Nigeria: Govt Working to Have U.S. Travel Ban Lifted - Onyeama

Secretary of State Michael R. Pompeo and Nigerian Minister of Foreign Affairs Geoffrey Onyeama deliver statements to the press, at the Department of State, in Washington D.C., on February 4, 2020.
5 February 2020

The Minister of Foreign Affairs, Mr. Geoffrey Onyeama yesterday stated that federal government has begun working on the security and information sharing requirements for the lifting of a US travel ban on prospective immigrants from Nigeria.

Speaking at a joint news conference in Washington with US Secretary of State, Mr. Mike Pompeo, Onyeama said Nigeria was 'blindsided' by the US decision on Friday to add it and five other nations to an expanded version of the US visa ban.

President Donald Trump of the United States issued an expanded version of his travel ban on Friday as part of a presidential proclamation, which said Washington would suspend the issuance of visas that can lead to permanent residency for nationals of Eritrea, Kyrgyzstan, Myanmar and Nigeria.
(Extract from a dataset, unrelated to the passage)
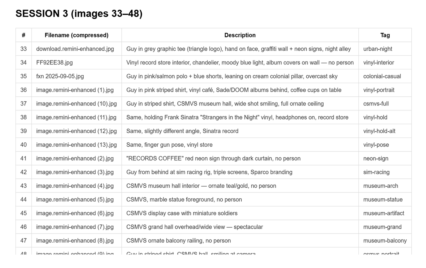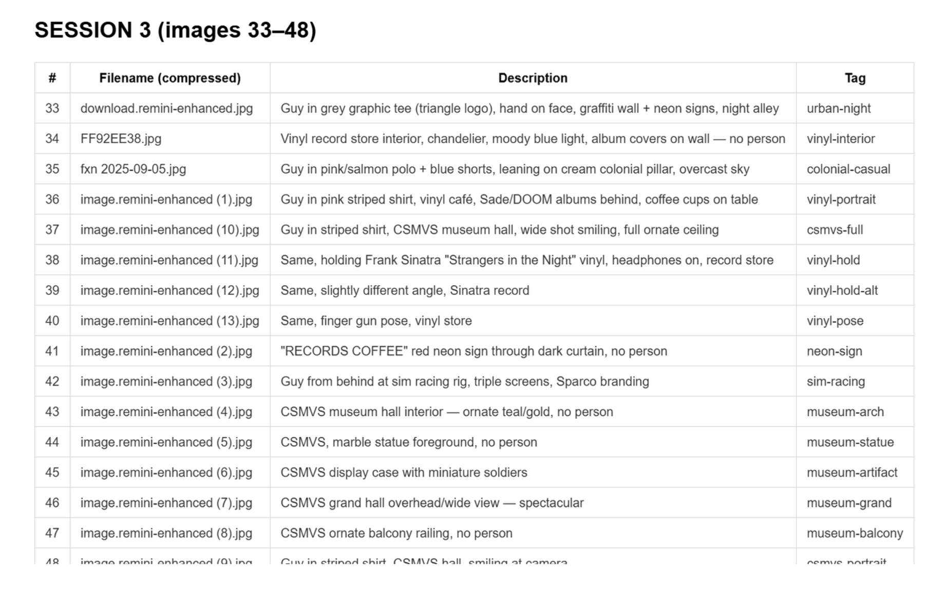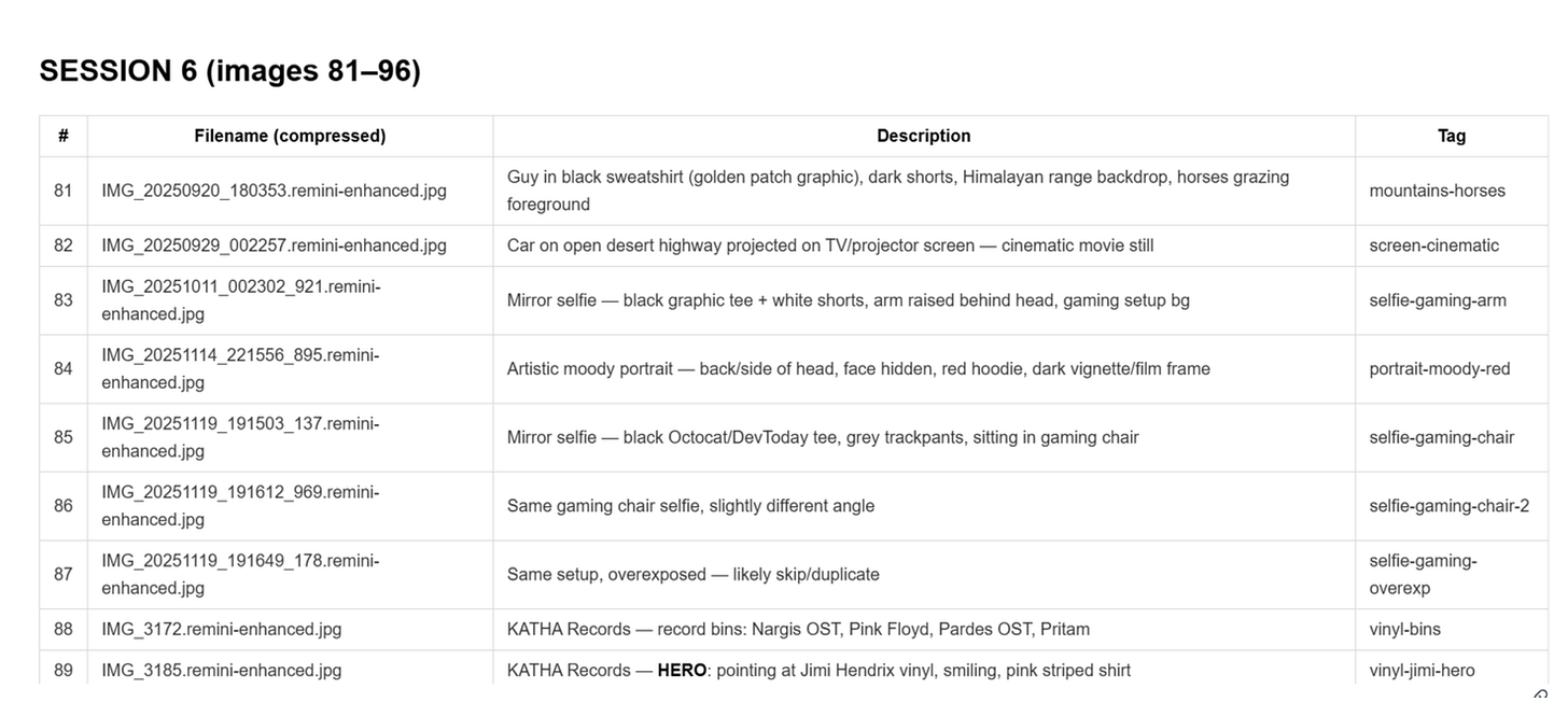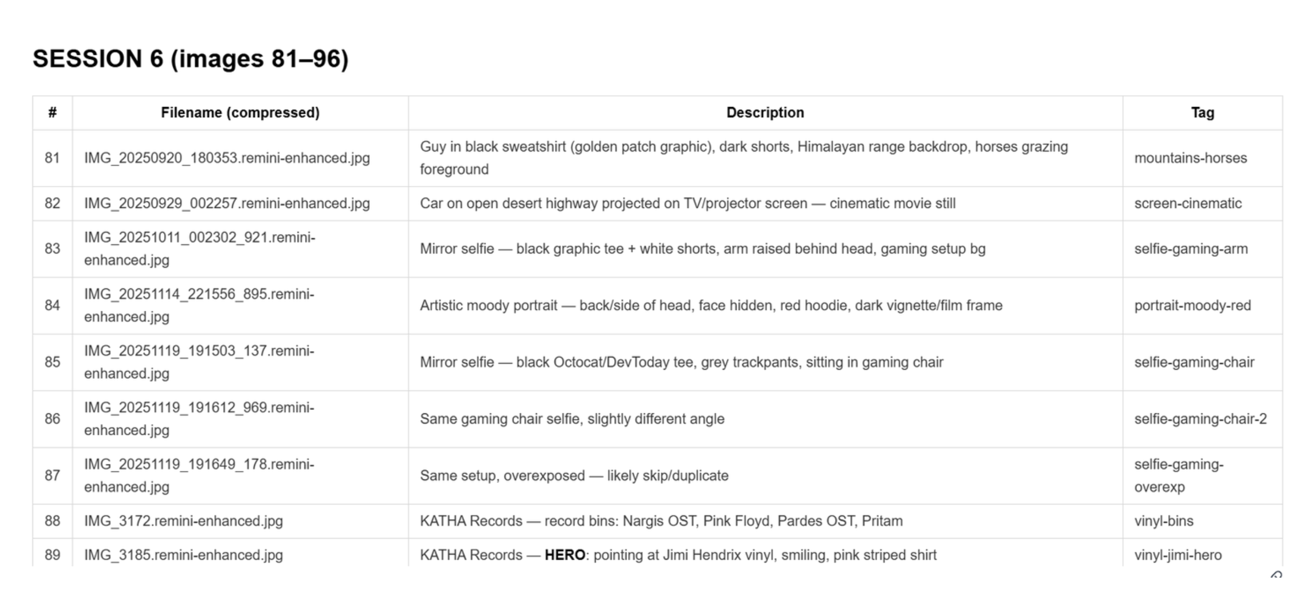 The next time I do a photo dump, I run the same prompt architecture. The script already handles all my filename variants. I update MANUAL_INDEX_TO_FILE for any new unlogged batch, update CURATION.md, and run export_final.py. The entire workflow is reproducible.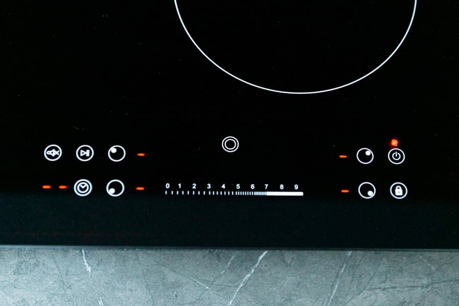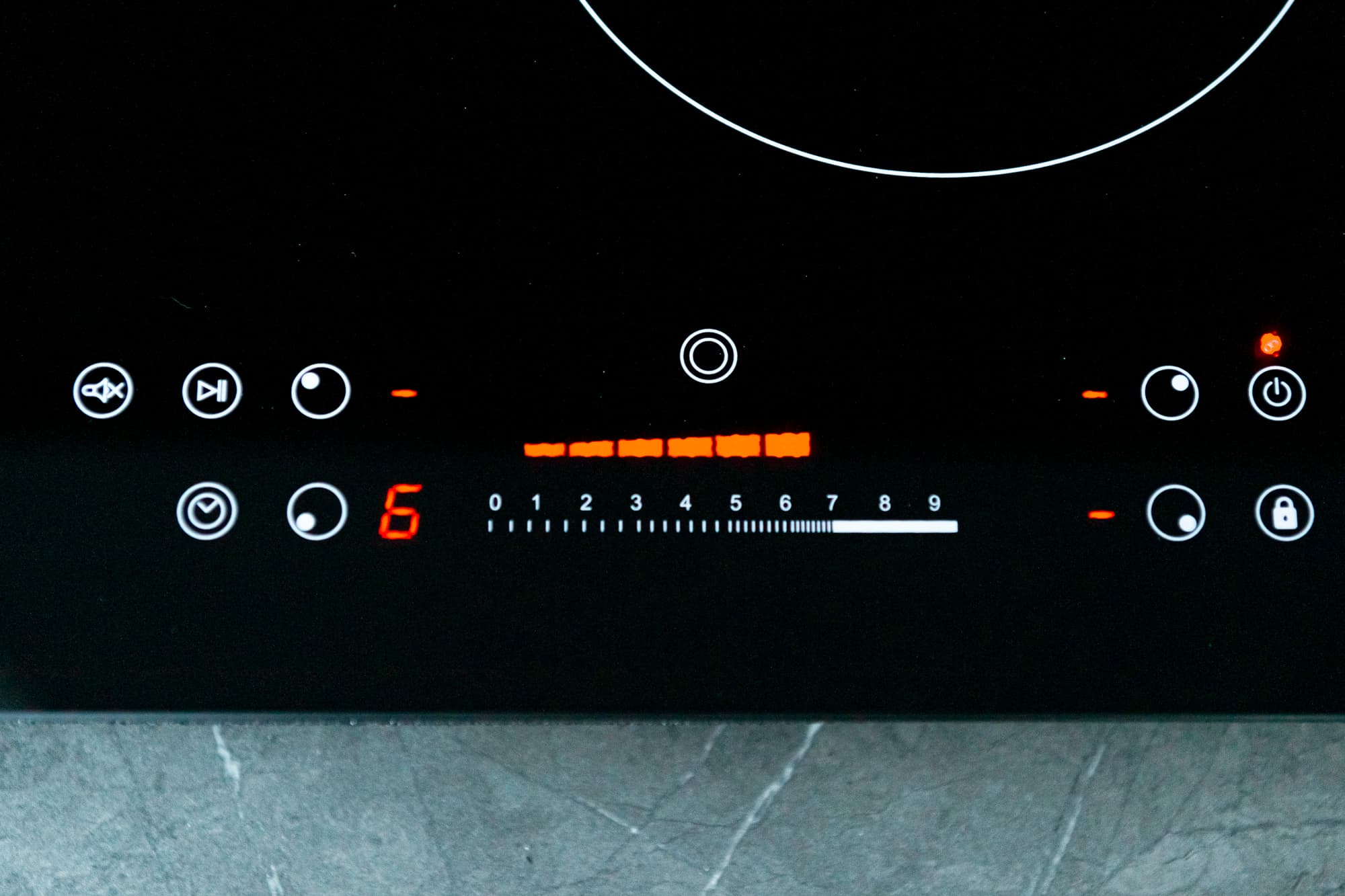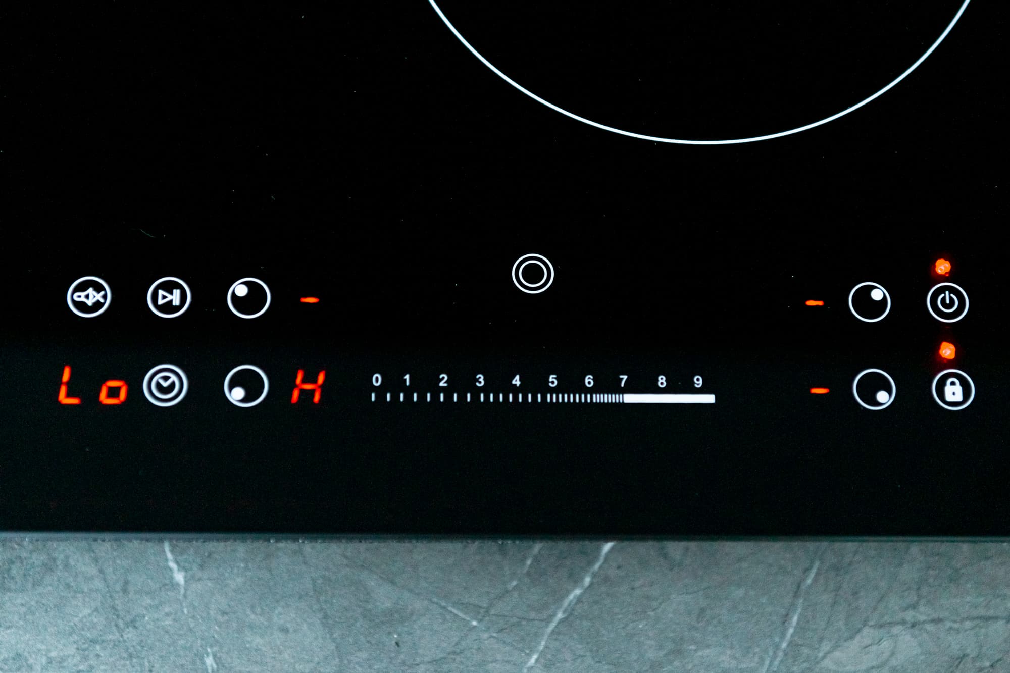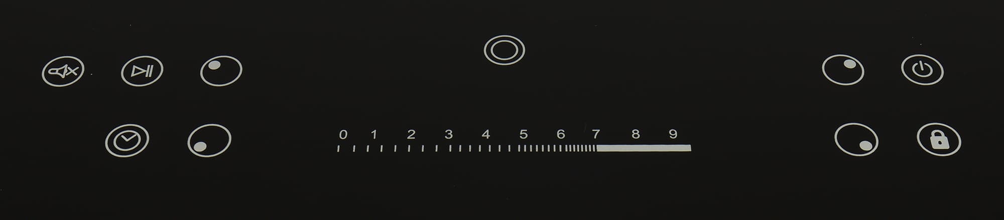 Сенсорная панель управления располагается справа ближе к краю. Слайдер со шкалой мощности нагрева от 0 до 9 находится по центру. Вокруг него — кнопки с иконками и индикаторы.

Temporary visas for tourists, business people, students and workers from those nations will not be affected, it said.

US officials said the countries failed to meet US security and information-sharing standards, which necessitated the new restrictions. "We've identified all those requirements and we have actually started working on all them," Onyeama said.

"It is actually very straightforward and it was very gratifying to come here and meet with US officials and to understand more clearly the reasoning behind it," he said.
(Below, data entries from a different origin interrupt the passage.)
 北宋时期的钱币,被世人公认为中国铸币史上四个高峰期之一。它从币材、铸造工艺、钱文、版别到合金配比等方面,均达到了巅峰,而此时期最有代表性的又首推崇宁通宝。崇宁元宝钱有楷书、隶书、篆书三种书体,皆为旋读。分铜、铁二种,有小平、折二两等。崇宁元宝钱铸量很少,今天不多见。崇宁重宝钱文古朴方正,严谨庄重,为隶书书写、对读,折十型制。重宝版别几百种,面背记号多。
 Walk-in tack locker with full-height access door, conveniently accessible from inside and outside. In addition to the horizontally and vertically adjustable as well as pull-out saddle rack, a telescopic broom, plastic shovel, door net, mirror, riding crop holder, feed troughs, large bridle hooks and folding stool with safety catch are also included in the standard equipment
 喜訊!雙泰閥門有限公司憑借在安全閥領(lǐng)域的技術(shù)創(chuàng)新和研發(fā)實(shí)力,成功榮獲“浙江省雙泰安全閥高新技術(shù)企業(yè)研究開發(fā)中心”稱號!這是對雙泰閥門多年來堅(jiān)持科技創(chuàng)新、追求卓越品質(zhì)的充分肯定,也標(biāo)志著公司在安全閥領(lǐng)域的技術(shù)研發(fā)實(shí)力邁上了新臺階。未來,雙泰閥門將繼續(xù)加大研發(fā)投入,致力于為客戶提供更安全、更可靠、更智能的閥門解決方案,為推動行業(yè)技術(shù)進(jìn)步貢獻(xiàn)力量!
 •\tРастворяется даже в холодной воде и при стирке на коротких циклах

"We look forward to being taken off this visa restriction list," Onyeama said, once all the criteria are met.

Pompeo also said he was 'optimistic' that Nigeria would make the necessary changes.
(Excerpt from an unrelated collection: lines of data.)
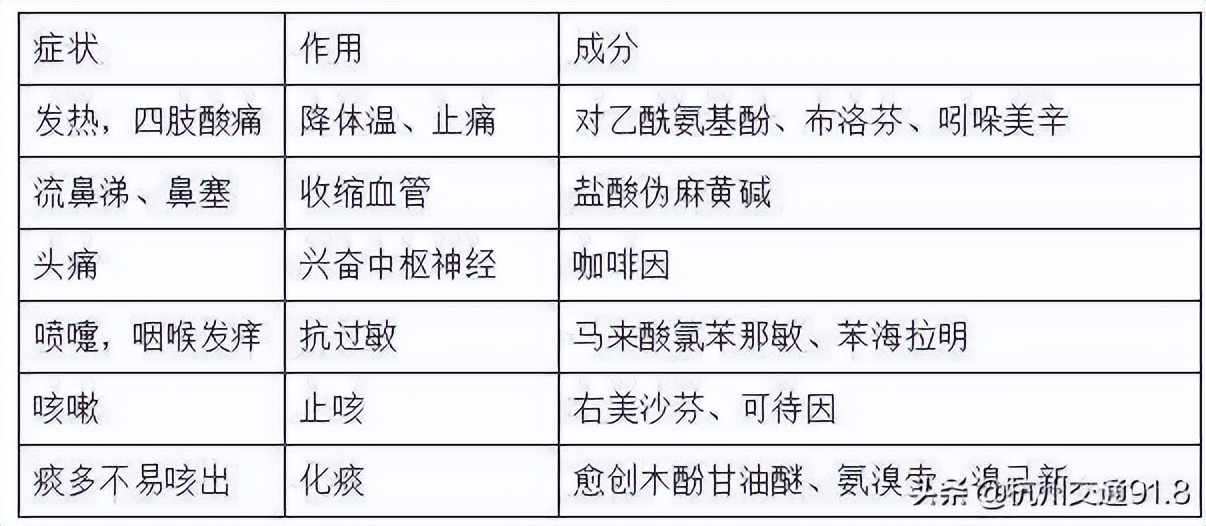 感冒药大部分情况下是没用的,但是吃感冒药会让你感觉舒服。下图是常见感冒药成分及其作用。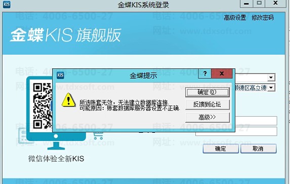 金蝶旗舰版登录提示所选账套无效,无法建立数据库连接
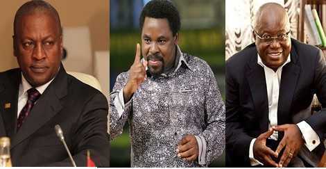Latest information reaching our office at the moment indicates that, top African and international Prophet, T B Joshua has revealed that outcome of the impending elections in Ghana. According to the top prophet, the National Democratic Congress (NDC) is likely to win the elections in the second round.

Reuters reported Nigeria is the biggest country on the list whose citizens will be suspended from US visas that can lead to permanent residency. The US government also will stop issuing "diversity visas" to nationals of Sudan and Tanzania, Trump's proclamation said.

The original travel ban, issued in 2017, barred nearly all immigrants and travelers from seven countries with majority Muslim populations. The policy was revised amid court challenges, but the US Supreme Court ultimately upheld it in 2018.

Trump has made tougher immigration enforcement a central focus of his 2020 re-election campaign. His travel ban policy is popular with Republican supporters.